Learn R Programming

FRESA.CAD (version 2.2.0)

ForwardSelection.Model.Res: NeRI-based feature selection procedure for linear, logistic, or Cox proportional hazards regression models

Description

This function performs a bootstrap sampling to rank the most frequent variables that statistically aid the models by minimizing the residuals. After the frequency rank, the function uses a forward selection procedure to create a final model, whose terms all have a significant contribution to the net residual improvement (NeRI).

Usage

ForwardSelection.Model.Res(size = 100, fraction = 1, pvalue = 0.05, loops = 100, covariates = "1", Outcome, variableList, data, maxTrainModelSize = 10, type = c("LM", "LOGIT", "COX"), testType=c("Binomial", "Wilcox", "tStudent", "Ftest"), timeOutcome = "Time", loop.threshold = 20, interaction = 1, cores = 4)

Arguments

size
The number of candidate variables to be tested (the first size variables from variableList)
fraction
The fraction of data (sampled with replacement) to be used as train
pvalue
The maximum p-value, associated to the NeRI, allowed for a term in the model (controls the false selection rate)
loops
The number of bootstrap loops
covariates
A string of the type "1 + var1 + var2" that defines which variables will always be included in the models (as covariates)
Outcome
The name of the column in data that stores the variable to be predicted by the model
variableList
A data frame with two columns.

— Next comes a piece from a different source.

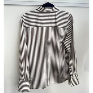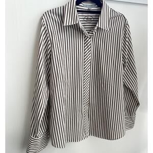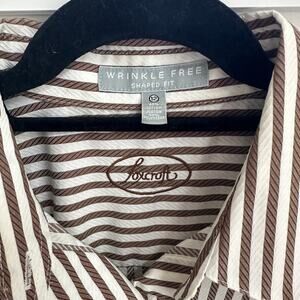 Foxcroft Brown White Stripe Shaped Fit Wrinkle Free Button Down Shirt Blouse Women's Size 12 / Large Pit to pit - 22" Length - 27" Sleeves measured under arm - 19.5" Excellent condition, no flaws
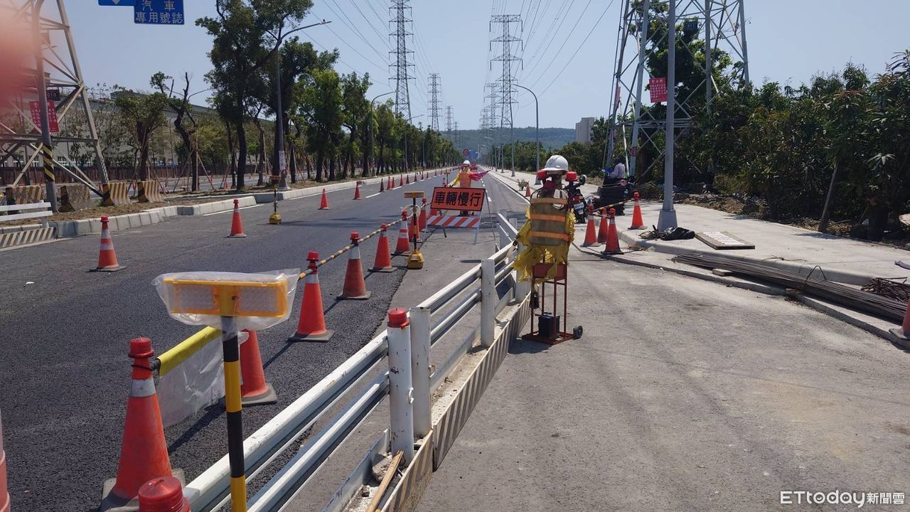▲事故發生後,沿海路段承商以交通錐及連桿區隔警示。(圖/記者賴文萱翻攝)

The first one must have the names of the candidate variables and the other one the description of such variables
data
A data frame where all variables are stored in different columns
maxTrainModelSize
Maximum number of terms that can be included in the model
type
Fit type: Logistic ("LOGIT"), linear ("LM"), or Cox proportional hazards ("COX")
testType
Type of non-parametric test to be evaluated by the improvedResiduals function: Binomial test ("Binomial"), Wilcoxon rank-sum test ("Wilcox"), Student's t-test ("tStudent"), or F-test ("Ftest")
timeOutcome
The name of the column in data that stores the time to event (needed only for a Cox proportional hazards regression model fitting)
loop.threshold
After loop.threshold cycles, only variables that have already been selected in previous cycles will be candidates to be selected in posterior cycles
interaction
Set to either 1 for first order models, or to 2 for second order models
cores
Cores to be used for parallel processing

Value

final.model
An object of class lm, glm, or coxph containing the final model
var.names
A vector with the names of the features that were included in the final model
formula
An object of class formula with the formula used to fit the final model
ranked.var
An array with the ranked frequencies of the features
z.NeRIs
A vector in which each element represents the z-score of the NeRI, associated to the testType, for each feature found in the final model
formula.list
A list containing objects of class formula with the formulas used to fit the models found at each cycle
variableList
A list of variables used in the forward selection

See Also

ForwardSelection.Model.Bin

Examples

Run this code
	## Not run: 
# 	# Start the graphics device driver to save all plots in a pdf format
# 	pdf(file = "Example.pdf")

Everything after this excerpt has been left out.